Employers weigh job cuts as national insurance costs bite

A growing number of businesses in Yorkshire and the Humber are planning job cuts in response to higher employer national insurance contributions introduced in April, according to a new survey of mid-to-large firms.

The report, conducted by accountancy and advisory firm S&W, found that 33% of the 500 UK business owners surveyed said they are preparing to reduce headcount, citing increased labour costs linked to the NIC hike. Around 20% have already taken this step.

The recent rise saw employer NICs increase from 13.8% to 15%, alongside a raised earnings threshold. The change coincided with higher national living wage requirements and reduced business rates relief for certain sectors, compounding the pressure on employers’ cost bases.

In response, 46% of respondents said they intend to increase prices, 35% plan to cut staff hours, and 29% expect to freeze pay. Many also pointed to broader challenges including elevated energy and commodity prices and ongoing economic volatility.

The findings reflect mounting concern among businesses with turnovers of £5 million and above, as they balance rising payroll liabilities with the need to maintain competitiveness.

ITM Power secures role in UK hydrogen projects

ITM Power has been selected as the electrolyser supplier for two upcoming green hydrogen projects in the UK. One of these is a major project backed by the government’s Hydrogen Allocation Round 2 (HAR2), and the other is a smaller UK-based development. Both projects are awaiting final investment decisions.

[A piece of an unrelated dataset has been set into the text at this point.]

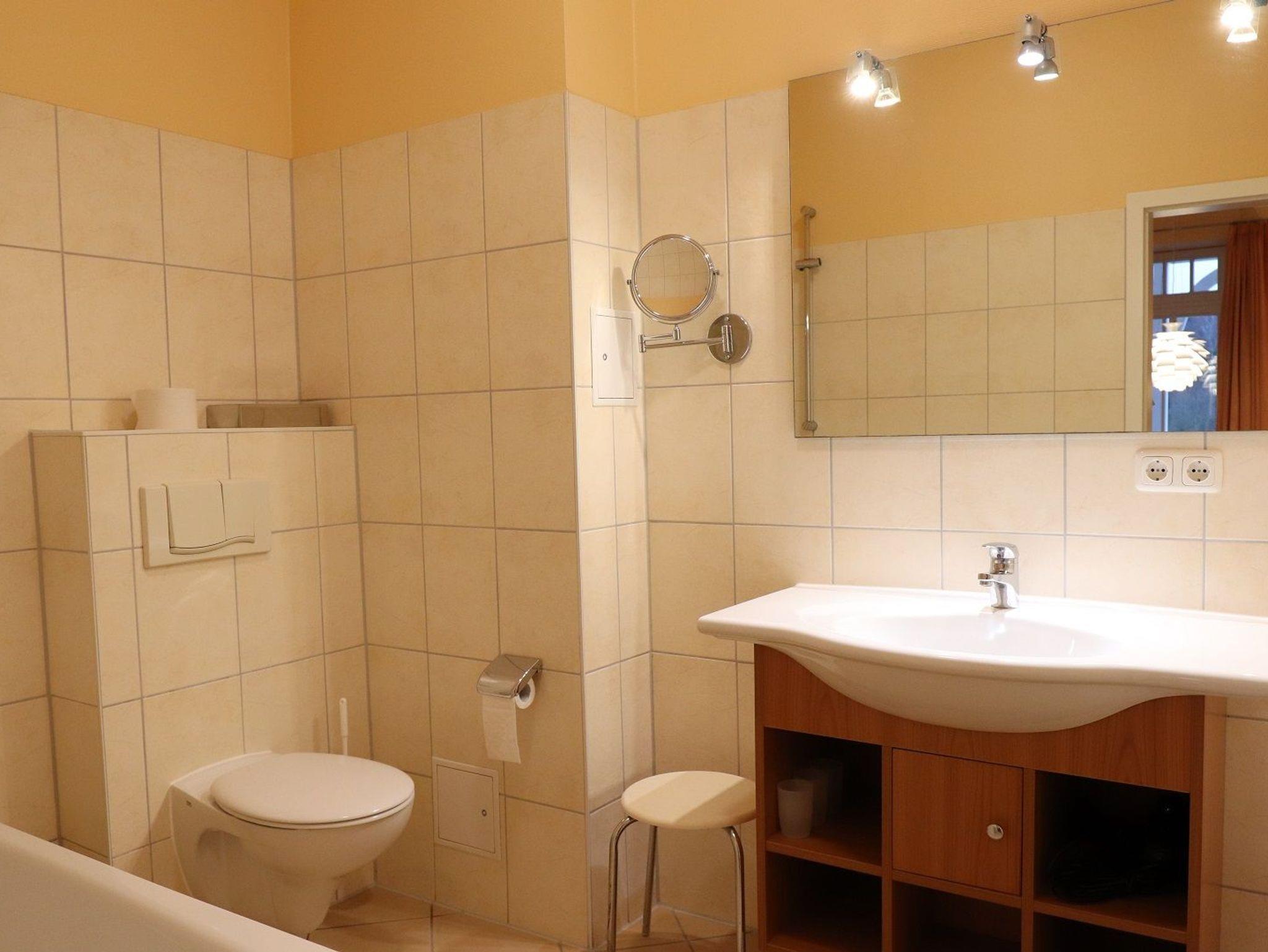 Im Badezimmer befindet sich eine Badewanne mit Duschabtrennung, sowie Waschbecken und WC.
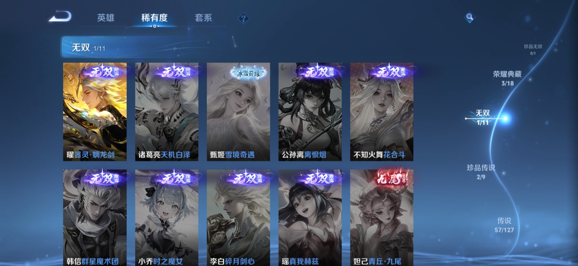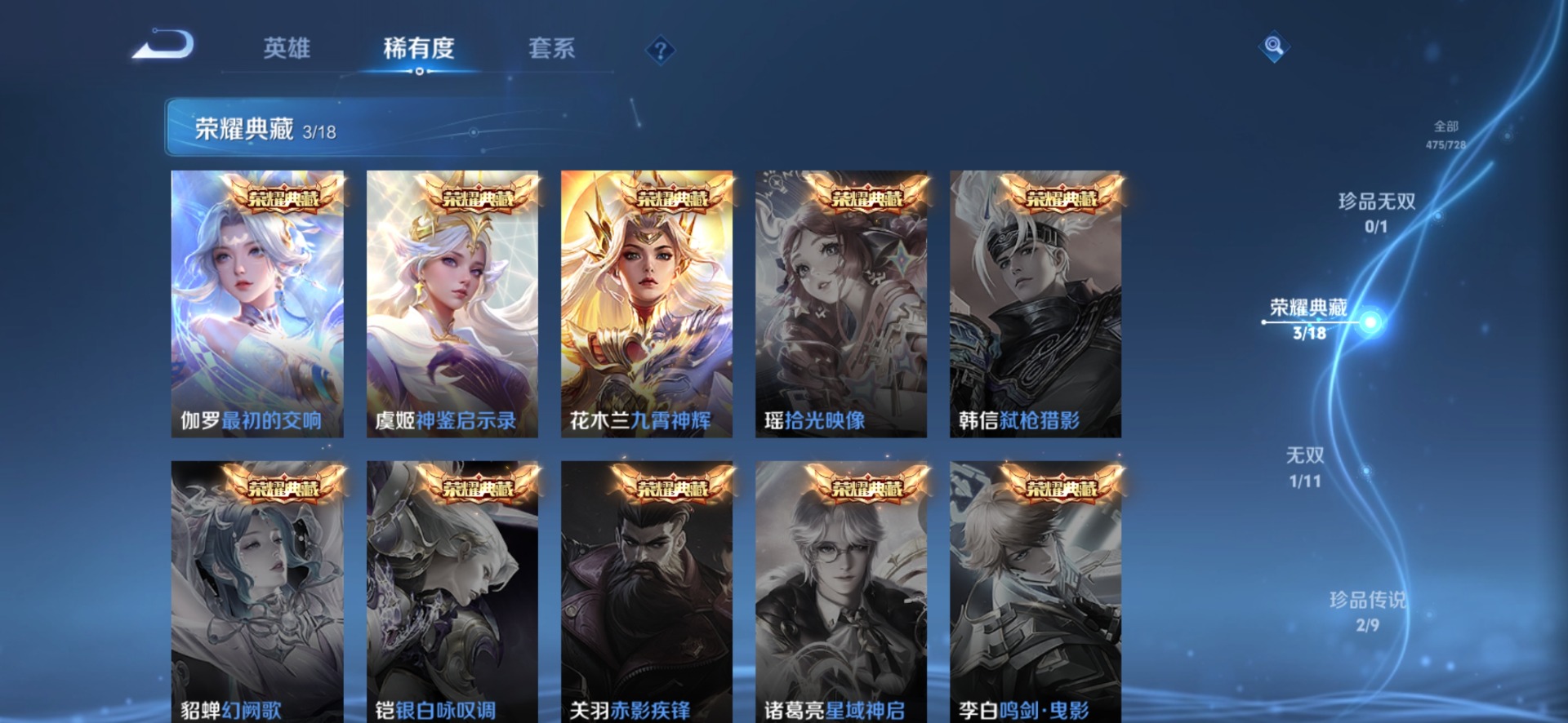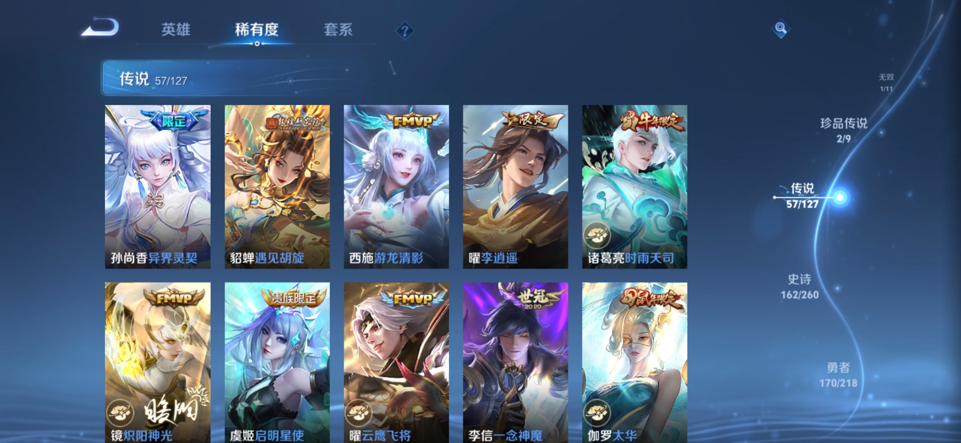 金蝉唐三藏,黄忠烈魂,哪吒逐梦之翼,盾山梦圆繁星,曹操天狼征服者,伽罗天狼溯光者,伽罗太华,苏烈玄武志,赵云百木心枪,赵云龙胆,孙膑天狼运算者,典韦岱宗,孙尚香异界灵契,不知火舞绯月行,鲁班七号寅虎·瑞焰,后羿无尽星芒,吕布御风骁将,后羿如梦令,露娜启示之音,镜匿光追影者,诸葛亮时雨天司,公孙离玉兔公主,公孙离蜜橘之夏,司空震愿照·山河定,裴擒虎李小龙,上官婉儿梁祝,上官婉儿神器·万象笔,上官婉儿天狼绘梦者,安琪拉魔法小厨娘,马可波罗山海·玄木吟,艾琳陌上桑,马可波罗深海之息,西施至美·乘鲤谣,桑启鸣野蒿,女娲补天,女娲愿照·千秋盛,孙悟空孙行者,马超神威,雅典娜神奇女侠,妲己时之彼端,妲己时之奇旅,妲己愿照·众生和,韩信傲雪梅枪,韩信飞衡,百里守约朱雀志,蔡文姬愿照·福禄聚,瑶山海·碧波行,澜愿照·九州拓,虞姬愿照·岁时盈,娜可露露前尘镜,王昭君凤凰于飞,王昭君星穹之声,橘右京枫霜尽

The Sheffield-based firm will deploy its Poseidon electrolysis module across both sites. This latest selection follows its recent involvement in Uniper’s 120MW hydrogen project at the Humber, reinforcing ITM Power’s growing position in the UK’s emerging hydrogen market.

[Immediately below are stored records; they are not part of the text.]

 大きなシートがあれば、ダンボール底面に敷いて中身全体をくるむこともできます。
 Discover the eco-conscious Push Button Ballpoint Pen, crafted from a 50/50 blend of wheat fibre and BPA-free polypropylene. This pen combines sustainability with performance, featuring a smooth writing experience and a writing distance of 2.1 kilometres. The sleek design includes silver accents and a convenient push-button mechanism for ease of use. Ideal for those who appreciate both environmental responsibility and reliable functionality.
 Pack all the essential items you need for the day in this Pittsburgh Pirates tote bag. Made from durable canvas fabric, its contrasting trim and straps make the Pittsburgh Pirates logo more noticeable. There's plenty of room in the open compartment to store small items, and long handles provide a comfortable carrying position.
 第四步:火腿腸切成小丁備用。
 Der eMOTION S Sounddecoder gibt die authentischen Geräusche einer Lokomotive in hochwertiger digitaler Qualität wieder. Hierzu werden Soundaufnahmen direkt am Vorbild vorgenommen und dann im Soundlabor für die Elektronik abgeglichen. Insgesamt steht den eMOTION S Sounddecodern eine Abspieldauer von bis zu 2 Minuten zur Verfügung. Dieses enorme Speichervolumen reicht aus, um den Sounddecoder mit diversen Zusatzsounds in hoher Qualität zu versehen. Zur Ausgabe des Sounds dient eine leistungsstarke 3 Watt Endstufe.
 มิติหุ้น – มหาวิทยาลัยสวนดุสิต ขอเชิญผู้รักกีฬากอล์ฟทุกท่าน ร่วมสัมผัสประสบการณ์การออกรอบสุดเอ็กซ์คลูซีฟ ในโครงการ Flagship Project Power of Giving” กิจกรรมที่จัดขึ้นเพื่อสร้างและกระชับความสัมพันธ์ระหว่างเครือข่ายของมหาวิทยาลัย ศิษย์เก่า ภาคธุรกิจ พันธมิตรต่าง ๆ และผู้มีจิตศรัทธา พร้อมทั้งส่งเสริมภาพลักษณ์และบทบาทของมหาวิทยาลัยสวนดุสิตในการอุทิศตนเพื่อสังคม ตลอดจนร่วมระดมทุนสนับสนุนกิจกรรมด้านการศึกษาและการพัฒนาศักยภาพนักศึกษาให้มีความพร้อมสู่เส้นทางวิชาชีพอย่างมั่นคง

Certification body sets sights on growth following £500,000 investment

West Yorkshire-based Supply Chain In-sites is growing annual revenues and creating jobs following a £500,000 investment from Finance Yorkshire. The certification body specialises in auditing and verifying product supply chains, ensuring suppliers across the globe comply with the requirements of retailers and accreditation bodies. CEO Rob Chester has 25 years’ experience in the grocery sector with major brands including Tesco and Walmart. He founded the company in 2021 with four other founders. They have achieved 50% annual revenue growth to reach £1.3 million turnover in 2024. Rob’s ambition is to grow turnover to £10 million by 2029 and expand his team from 12 to 50 employees during that period. Clients include Aldi, WHSmith, Grown in Britain, RSPCA Assured and Plant Healthy. Rob said: “We have created a great team because we all have experience working on both sides of the table. As a customer of certification bodies as well a certification provider. This experience has informed our approach to building SCI as both a trusted certification partner and a disruptive innovator in supply chain risk management.” Finance Yorkshire’s £500,000 investment from its growth fund will support SCI’s technological innovation including the use of AI, staff growth and training. The investment has already enabled SCI to make strategic hires in the US and Asia to better serve international clients. Rob added: “Finance Yorkshire is a hands-on investment partner and understands our model and vision. The partnership has also delivered potential synergies and partnerships with other Finance Yorkshire investee companies.” Finance Yorkshire CEO Alex McWhirter said: “SCI is to be congratulated on its achievements to date and its commitment to a substantial growth trajectory. The drive to increase its turnover significantly will add to the region’s wealth as well as creating jobs in Yorkshire in the future. “Finance Yorkshire is pleased to support SCI in its ambition to move towards real-time risk assurance, harnessing the use of AI and predictive analytics.”